Creative Connections & Client Communications
Counseling Insights July 31, 2007
An Excerpt from Noel Tyl’s Guide to Astrological Consultation, pages 62-64.Greater Expectations
From the outset, the time of making the appointment, the client will be accumulating impressions of the astrologer that should accumulatively reflect a strong professionalism. Personal presentation upon first meeting will augment this image. And within the first few sentences of discussion, the client will be startled and impressed with the depth at which the consultation is pitched.
As the consultation develops, the client will start to see patterns of behavior from earliest developmental times that more than likely will be coloring what is being brought to the table in the present, the issues of pressure, choice, threat that are of strategic concern. Adjustments are made through this recognition, through objectification, and through behavioral modification. Patterns can be changed.
Perhaps the coloring of the present in development has been met very well. The projection into the near future commands highly focused attention at the closing of the consultation, and discussion eases into projection of the now-familiar horoscope symbology for the months ahead.
This is a moment of high analytical tension. The astrologer is fitting measurement guidelines into reality plans and hopes in the future. Does the sheer fact of talking about these projections with accumulated insight guarantee reality occurrence? The client would certainly like that to be so. Even with a transitory dismal projection, the client will feel forewarned, and therefore well armed. In retrospect, often, that kind of weathering-the-storm period will be viewed as an essential turning point, a clearing of the air, a new start forced into being.
The phrasing of things must be carefully chosen: talking about probabilities is highly recommended over projecting facts to come. Talking about what is reasonable is the sense that must prevail: it is reasonable that one’s father, battling lung cancer for six months already, may die in three months with the Pluto and Saturn measurements tied into the Midheaven of the client’s horoscope. The strategic questions become what will that death mean? How does one prepare for it in many different avenues of concern?
It is reasonable that a long-distance relocation (or even a shorter one outside the present school district) will challenge the family, with their three children, corresponding to the strong Uranus contacts with the husband’s Ascendant, involving the ruler of the Midheaven as well. His corporation has already broached the subject, and we see that reality suggested vividly in the horoscope portrait. It is a high-probability projection. What becomes extremely important is keeping peace within family progress, acknowledging the children’s school peer-group disruptions and shifts to a new location, timing the move for the summer months, finding rewards for the children at the new location, involving them with the reward potentials of the decision, etc.
It is reasonable that a woman’s affair will die out with the Saturn transit to her Sun/Moon midpoint, also involving the rulers of her 5th and 7th. But is she seeing the hidden message about the threat to her marriage as well? Of what is the affair a symptom in terms of the marriage? How can the marriage be strengthened as the affair dissolves? Is this being seen as well? The client may not be expecting these layers of significances tied to probable event development. The astrologer is broadening the spectrum of expectations within the astrological consultation.
But, uncannily often, after business strategy for an improved job situation or relocation plans or extended family reorganization or management of a problematic brother or sister situation, or a court case or an affair, etc. is illuminated and agreed to by the client and the astrologer --really big considerations—even greater expectations can raise their heads! This is natural: so much trust has been built up between client and astrologer that wishful thinking is now free to be heard, and, to one degree or another, what the astrologer has to say may just “make it so”!
The question most often heard in the midst of professional, geographic, or status change is, “Will I ever meet someone?” or “When will I meet someone?” This is a query from someone unmarried, having just broken up within a relationship (part of the larger change, clearly) or about to be divorced, afraid of transient insecurity, aloneness, or an extension of heretofore-protracted aloneness, seeking rescue. Rarely is resolution of change-strategies accompanied simultaneously with realization of romance, unless, of course, romance is at the core of the change.

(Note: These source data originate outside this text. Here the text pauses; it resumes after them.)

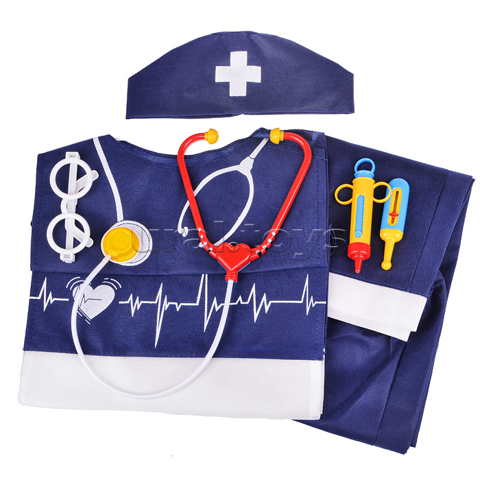 • В наборе: - колпак. - накидка. - штаны. - стетоскоп. - шприц. - градусник. - очки. • Для детей ростом до 130 см. • Материалы: полиэстер, пластик. • Соответствует требованиям безопасности и стандартам качества продукции. • Для детей от 3-х лет.
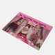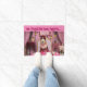 This door mat features a golden retriever as the Fortune Teller of Love. The Fortune Teller has a pink crystal ball, as well as tarot cards, crystals, and candles. The text reads, “We foresaw your arrival…”.
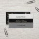 Make a lasting impression with this stylish business card design featuring light and dark grey stripes on black with pretty shimmery small gold decor.
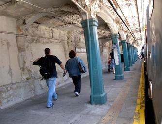 Keywords: Kings Hwy plat Seabeach BMT jeh.JPG en Looking east along en Kings Highway BMT Sea Beach Line southbound platform Own Jim henderson 2009-05-20 Kings Highway BMT Sea Beach Line
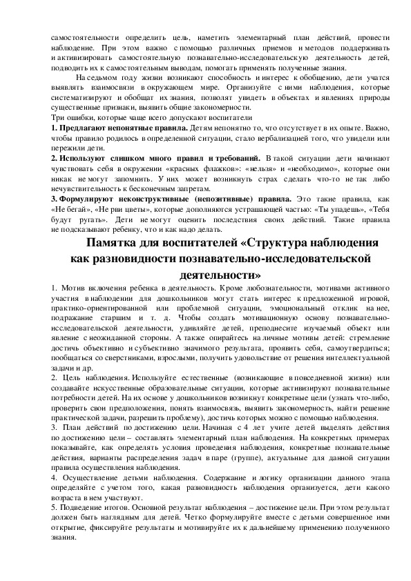 дошкольниками, можно сформулировать цель наблюдения, определить план действий и найти
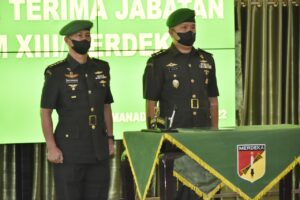 MANADO – Kegiatan Pelaksanaan Laporan Korps Serah Terima Jabatan (Sertijab) Kahubdam XIII/Merdeka, dari Kolonel Chb Frans Lumingkewas, S. Sos, kepada Letkol Chb
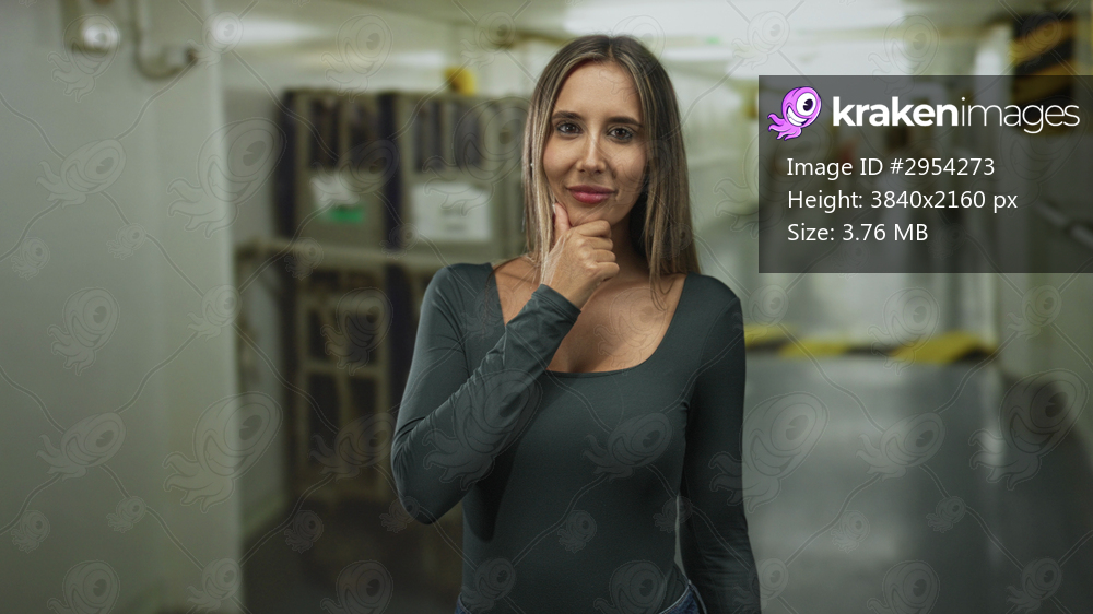 Woman with hand on chin standing in building corridor near yellow caution stripes and storage cart, slight smile; thoughtful introspection focus.

The astrologer’s very good answer, judging from near unanimous agreement of clients when they think it out, is “I’d like to suggest, first things first. You are going to go through quite a change here, as we’ve seen. It’s possible. It’s probable; and we see that the change will probably stretch out over 8 months to be settled.
“What will probably be happening at the same time is that you will become quite a different person! Your values will probably change; your confidence level will change; your appreciation of yourself and your work in life will be greatly enhanced. You will be a different person and you will probably attract a different kind of relationship! You will probably leave behind those old ‘vibes’ and no longer attract the same kind of unproductive relationships that we’ve seen so often over the last twenty years. Maybe it’s best to wait for the changes now to take place and then see what the ‘new You’ starts to attract!”
This is stick-to-the-business-at-hand reasoning. It is supportive reasoning. It is an idea with which it is very comfortable to live. It tempers the (overly) extended expectations within the consultation.